Los contratos que tuvieron mayor impacto en el complejo fueron los de especialistas que trabajaban directamente en el Pentágono. El número de estos contratistas creció tan rápida y caóticamente en las dos décadas posteriores a la Guerra Fría que los altos funcionarios del Pentágono ni siquiera conocían el alcance total de su número y alcance. En 2010, el entonces secretario de Defensa, Robert M. Gates, incluso confesó haber El Correo de Washington a los reporteros Dana Priest y William M. Arkin que no pudo determinar cuántos contratistas trabajaban en la Oficina del Secretario de Defensa, que incluye toda la parte civil del Pentágono.
Aunque legalmente se les prohibía asumir tareas que eran “funciones gubernamentales inherentes”, en la práctica estos contratistas invadieron constantemente lo que siempre se había considerado funciones gubernamentales. Los contratistas podían pagar salarios y honorarios de consultoría mucho más altos que las agencias gubernamentales, por lo que oficiales experimentados del Pentágono y la CIA pronto dejaron sus trabajos en la administración pública por decenas de miles para ocupar puestos excelentes en empresas que a menudo pagaban el doble que el gobierno por el mismo trabajo.

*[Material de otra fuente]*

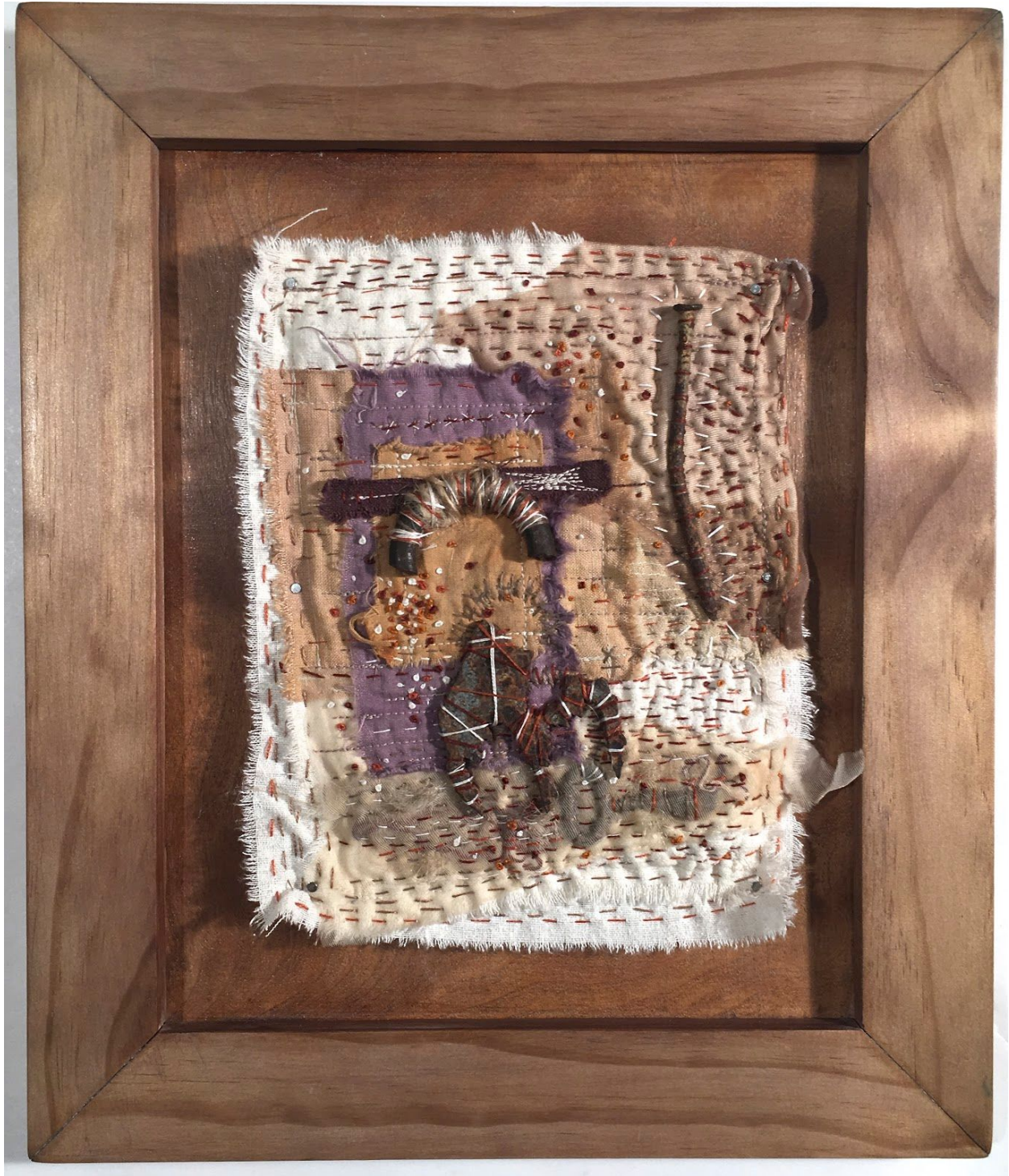
Figure 6: Shrine III: Beginning/End/Best of It
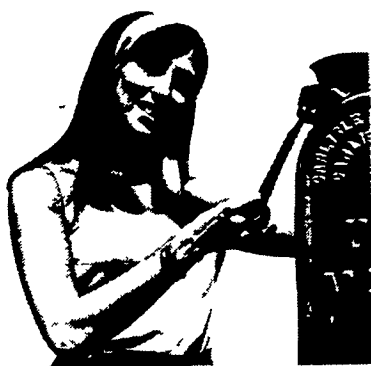
Lets you bank by mail
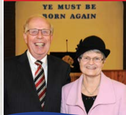
Fifty Years Following Christ
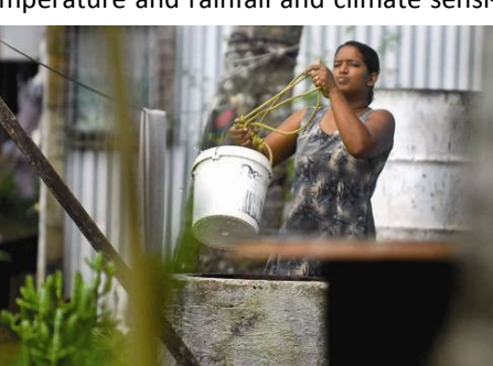
Drawing water from a well during a drought.

The project Technical Working Group (TWG) met in June to undertake the first part of this analysis and will work over this year to
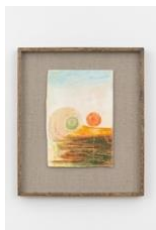
Inward Fruit , 2024 Oil pastel on paper 25.3 x 17.2 cm 10 x 6 3/4 in Framed: 38.6 x 33.1 x 3.6 cm 15 1/4 x 13 x 1 3/8 in
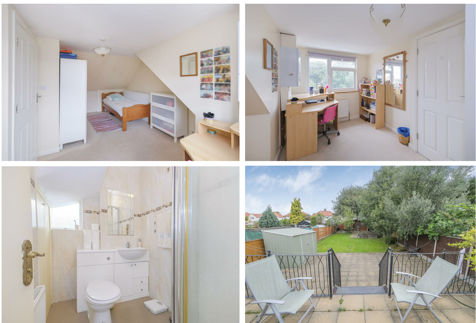
ROOM FOR THE FAMILY!!! Beautiful and spacious three double bedroom, two bathroom semi-detached chalet style bungalow which is situated in the sought after North Chingford location. The property which is being offered with no onward chain benefits from off street parking to front, Large approx 80ft rear garden, ground floor family bathroom, additional first floor shower room, large conservatory and we feel would make an ideal family home.
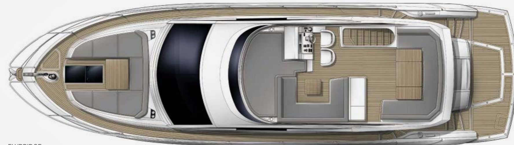
FLYBRIDGE Shown with optional teak side and flybridge decking
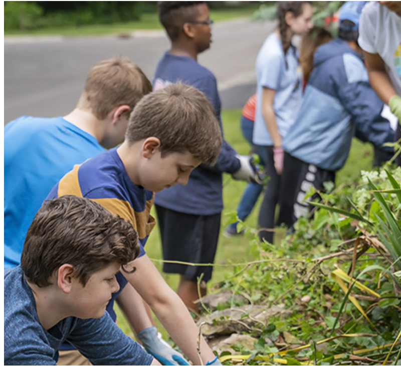
Youth in Ohio participate in a community service project.
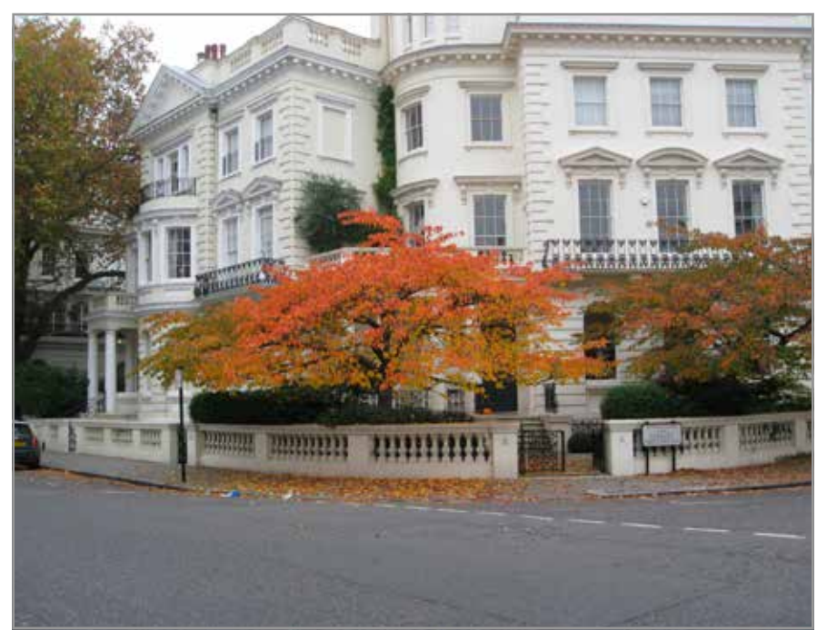
Autumn colour: trees in Stanley Gardens in 2017
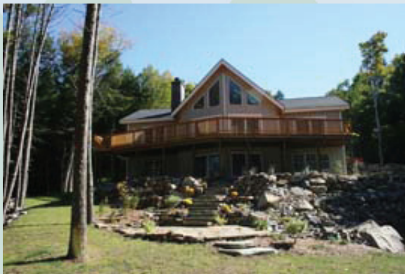
The Hilltop 3,990 sq. ft. 4 Bedrooms, 4.5 Baths 3.13 Acres, 260 ft. Shoreline $595,000
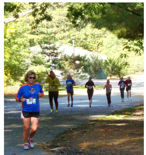
Runners approach the finish line in Slater Park, site of the Pawtucket, RI Easy as Pi race.

Registration for both races is open on the Foundation website: www.woodardcurranfoundation.org .
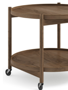
Fumed Oak, Oiled BBO3-OFU-VV
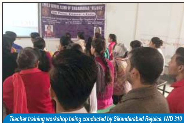
Teacher training workshop being conducted by Sikanderabad Rejoice, IWD 310

IWC Belgaum, IWD 317 organized a teacher training workshop where 24 teachers from government rural schools around Belagavi participated. The attendees were given special training on various subjects such as Chemistry, English Language, Social Studies, Mathematics and Computer Science.
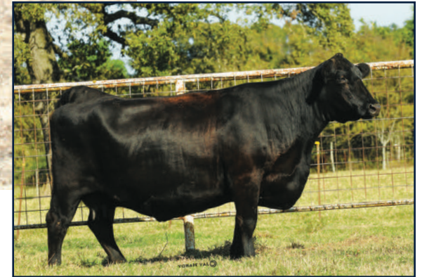
BOHI RED ROBIN 282R
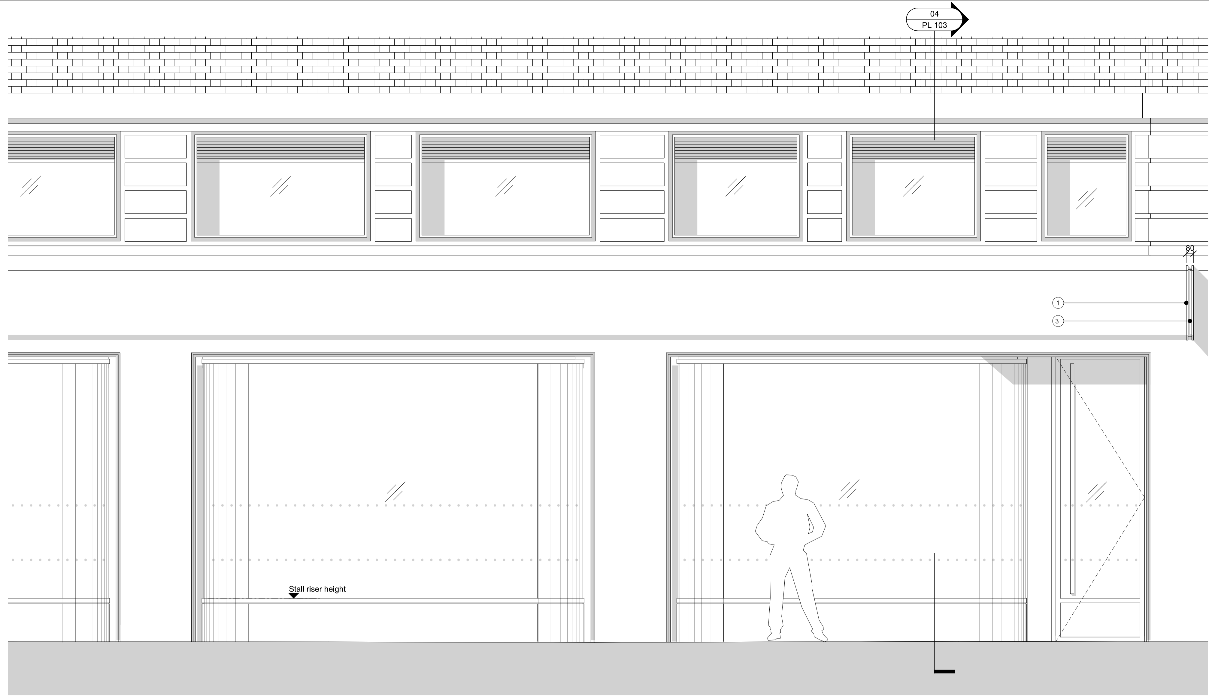
01 - Retail Unit 4B Entrance - Elevation Scale 1:25
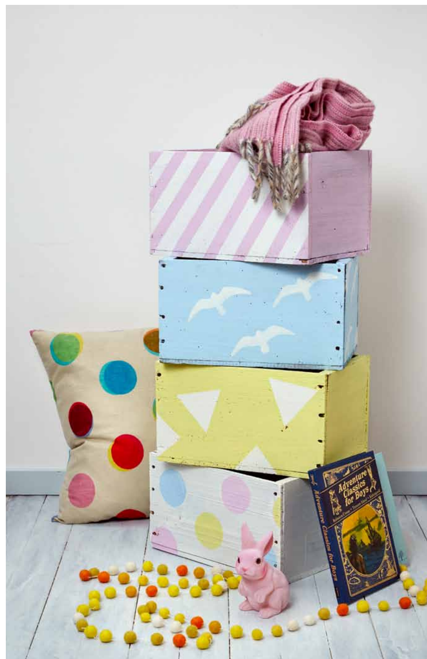
PROPS COLLECTED BY LeeAnn Yare STYLING Leigh Stockton

Colour, special effects and simple craft ideas are all easy ways of adding zing to your child's bedroom. With a huge array of colours, tips and tricks, Resene makes it easy to brighten things up!
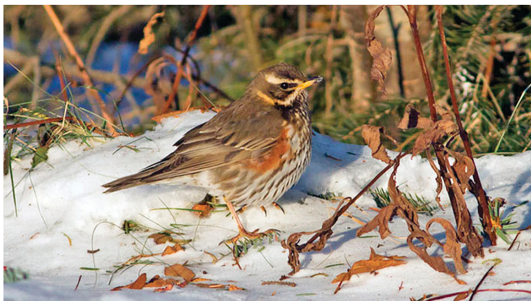
Figure 5. Redwing ( Turdus iliacus [ iliacus ]), 15–27 November 2011, Seward.
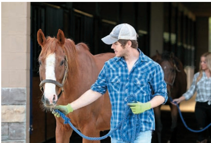
The Comardelles lead broodmares out to their paddock
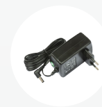
24V 1.2A Adapter
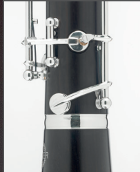
Correction system for low F and E notes with adjusting screw
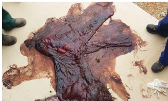
Fig. 1. Infected equine fetal membranes from Mare A, Wagga Wagga, 5 November 2014. (For interpretation of the references to color in this figure legend, the reader is referred to the web version of this article.)

University staff member A was a 25 year old female admitted on 19 November 2015 with fever ( 40.1^{\circ}\text{C} ), headache, back pain, myalgia and
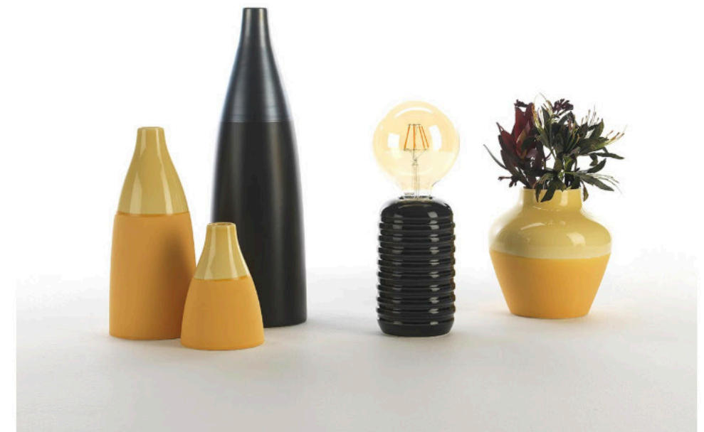
Piana & Double Lamp | Dual dip technique
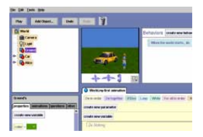
Figure 1. The Alice Interface

In this approach, we use Alice, a 3D interactive, animation, programming environment for building virtual worlds, designed for novices. The Alice system, developed by a research group at Carnegie Mellon under direction of one of the authors, is freely available at www.alice.org. A brief description of the interface is provided.
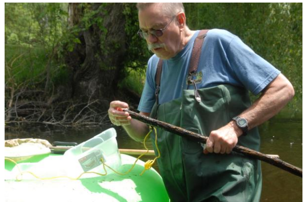
Collecting every single bug adds up to a very successful Bug Day Event.
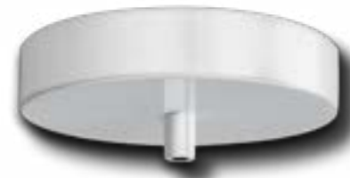
W2 Gloss White
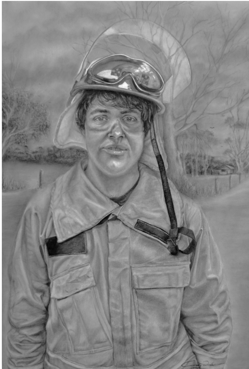
Portrait of A Voluntary Hero Charcoal and White Conte on Grey Mi-Teintes Tex card 70 x 47cm (wide black frame, fine silver strip and black matt with silver bevelled edge total size; 91 x 68 cm)
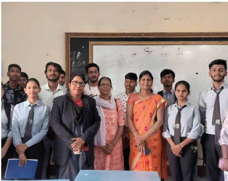
Glimpse from a Legal Awareness Programme conducted by DLSA, Jaipur (Rajasthan)

March 11, 2025: DLSA, Jaipur (Rajasthan), in collaboration with SSG Pareek College, Jaipur, organized an awareness campaign titled "Sensitization Programme on the Rights of Women, Scheduled Castes, Children, the Elderly, Persons with Disabilities, Poor Migrants, People Living with HIV/AIDS, and Transgender Persons." The primary objective of the campaign was to spread awareness about the rights and legal provisions available to these vulnerable groups and to promote inclusivity and legal empowerment through education. The session highlighted the importance of legal safeguards and support systems for marginalized communities. The event saw enthusiastic participation from 35 students, who actively engaged in meaningful discussions and gained valuable insights into the legal protections and resources available to these groups. The campaign aimed to cultivate a sense of social responsibility and encourage the students to become advocates for the rights and welfare of these vulnerable populations.
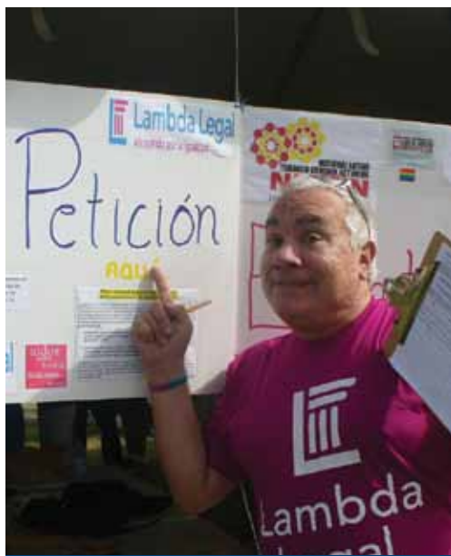
San Juan Pride: A petition signer dons our T-shirt at Lambda Legal's first booth at a Pride event in Puerto Rico, June 6, 2010.
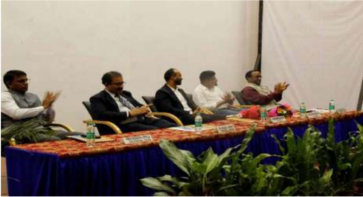
2. Dignitaries on the dais
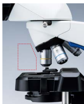
Inward-facing revolving nosepiece
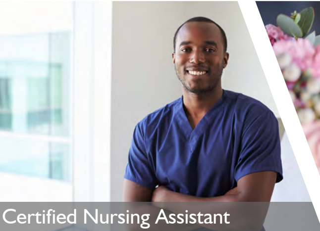
Certified Nursing Assistant
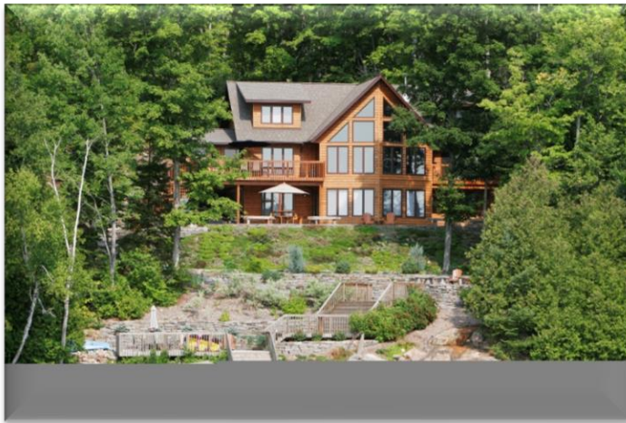
Luxurious Lake Homes
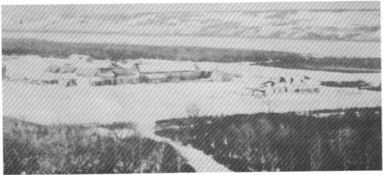
Fort Carlton in 1885 before the outbreak of the Resistance.
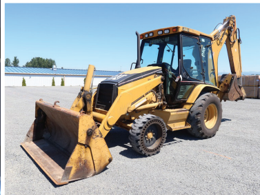
2004 CAT 430D 4X4
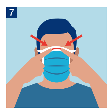
Press the metallic strip again to fit the shape of the nose. Perform hand hygiene.
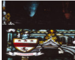
Hawthorn Christ Church St George BR&Co detail 1919
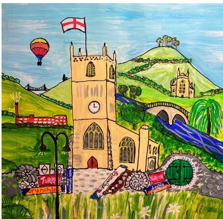
An Artist's View of Keynsham
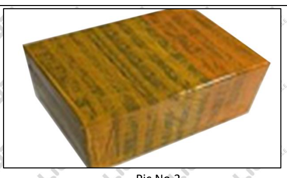
Pic No.2 International express packaging: Wrapped with yellow tape after wrapping black protective film
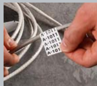
Voice & Data Communications
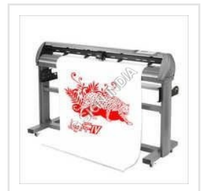
GCC Jaguar IV Cutting Plotter
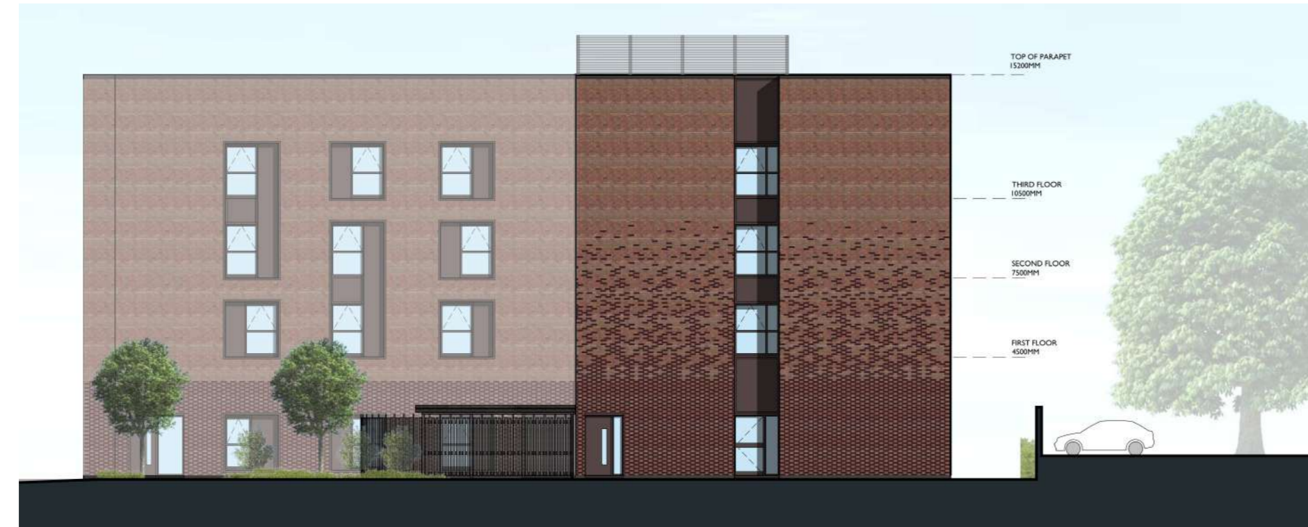
3 NORTH EAST ELEVATION (APPROVED) 1 : 200
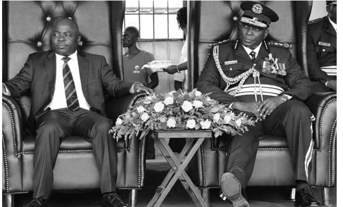
Inspector General of police Kakoma Kanganja (R) with Home Affairs minister Steven Kampanyongo

Esto fue especialmente cierto en las agencias de inteligencia, que experimentaron un rápido aumento del 50 por ciento en su fuerza laboral después del 9 de septiembre. Se hizo casi en su totalidad con ex oficiales calificados que regresaron como personal contratista. Incluso el director de la CIA durante la presidencia de Barack Obama, Leon Panetta, admitió ante Priest y Arkin que la comunidad de inteligencia había “dependido durante demasiado tiempo de contratistas para realizar el trabajo operativo” que siempre habían realizado los empleados de la CIA, incluido el análisis de inteligencia, y que la CIA necesitaba reconstruir su propia experiencia “con el tiempo”.
En 2010, los “contratistas principales” (aquellos que desempeñan funciones como recopilación y análisis) constituían al menos el 28 por ciento del personal profesional de inteligencia civil y militar, según una hoja informativa de la Oficina del Director de Inteligencia Nacional.
La dependencia del sector privado en el Pentágono y la comunidad de inteligencia había llegado a tal punto que planteaba una seria pregunta sobre si la fuerza laboral estaba ahora “obligada hacia los accionistas y no hacia el interés público”, como informaron Priest y Arkin. Y tanto Gates como Panetta les reconocieron sus preocupaciones sobre esa cuestión.
Un poderoso refuerzo de ese efecto privatizador fue la conocida puerta giratoria entre el Pentágono y los contratistas de armas, que había comenzado a girar con mayor rapidez. Un 2010 Boston Globe La investigación mostró que el porcentaje de generales de tres y cuatro estrellas que abandonaron el Pentágono para aceptar trabajos como consultores o ejecutivos en contratistas de defensa, que ya era del 45 por ciento en 1993, había subido al 80 por ciento en 2005, un aumento del 83 por ciento en 12 años.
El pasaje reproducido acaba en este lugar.